The foundation of data quality is schema validation. This step teaches you how to define a simple JSON Schema and immediately apply it in a pipeline to accept or reject data based on your rules.

The Goal

You will create a simple schema to validate incoming sensor data and then use the json_schema processor to enforce it.

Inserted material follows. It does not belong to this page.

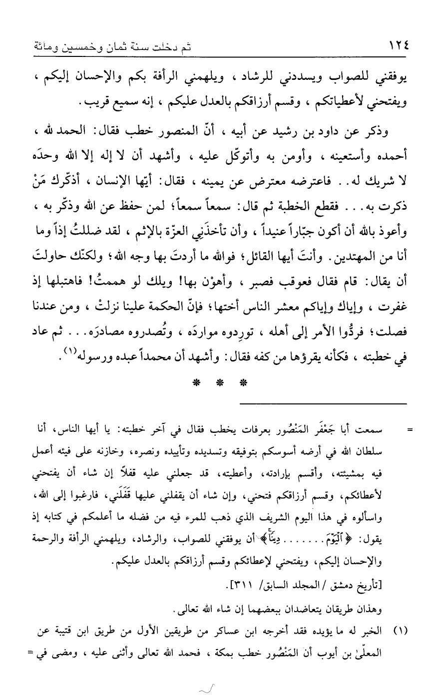 (١) الخبر له ما يؤيده فقد أخرجه ابن عساكر من طريقين الأول من طريق ابن قتيبة عن المعلّى بن أيوب أن المَنْصُور خطب بمكة، فحمد الله تعالى وأثنى عليه، ومضى في =

A Valid Message (Should Pass):

{
"sensor_id": "sensor-42",
"timestamp": "2025-10-20T14:30:00Z",
"reading": 23.5
}

An Invalid Message (Should Fail):

{
"id": "sensor-42",
"time": "2025-10-20T14:30:00Z",
"value": "hot"
}

Implementation

  1. Define Your Schema: First, create a file named sensor-schema.json. This schema requires three fields (sensor_id, timestamp, reading) and enforces their data types.

    sensor-schema.json
    {
    "$schema": "http://json-schema.org/draft-07/schema#",
    "title": "Basic Sensor Reading",
    "type": "object",
    "required": [ "sensor_id", "timestamp", "reading" ],
    "properties": {
    "sensor_id": {
    "type": "string"
    },
    "timestamp": {
    "type": "string",
    "format": "date-time"
    },
    "reading": {
    "type": "number"
    }
    }
    }
  2. Create the Validation Pipeline: Now, create a pipeline that uses this schema. Create a file named schema-validator.yaml.

    schema-validator.yaml
    name: schema-validator
    description: A pipeline that validates incoming data against a JSON schema.

    config:
    input:
    http_server:
    address: 0.0.0.0:8080
    path: /sensor/readings

    pipeline:
    processors:
    # This processor is the core of the validation
    - json_schema:
    schema_path: "file://./sensor-schema.json" # Assumes schema is in the same directory

    # This mapping only runs if validation succeeds
    - mapping: `root.validation_status = "passed"`

    output:
    stdout:
    codec: lines

    If the incoming data does not match the schema, the json_schema processor will fail and the message will be rejected automatically.

  3. Deploy and Test:

    # --- Test 1: Send VALID data ---
    curl -X POST http://localhost:8080/sensor/readings \
    -H "Content-Type: application/json" \
    -d
    {
    "sensor_id": "sensor-42",
    "timestamp": "2025-10-20T14:30:00Z",
    "reading": 23.5
    }

    # --- Test 2: Send INVALID data ---
    curl -X POST http://localhost:8080/sensor/readings \
    -H "Content-Type: application/json" \
    -d '{"id": "sensor-42", "reading": "hot"}'
  4. Verify:

    • For the valid request, you will see the message in your output/logs with validation_status: "passed".
    • For the invalid request, you will get an HTTP 400 Bad Request error, and the message will not proceed through the pipeline. Check the pipeline's logs to see the specific validation error message.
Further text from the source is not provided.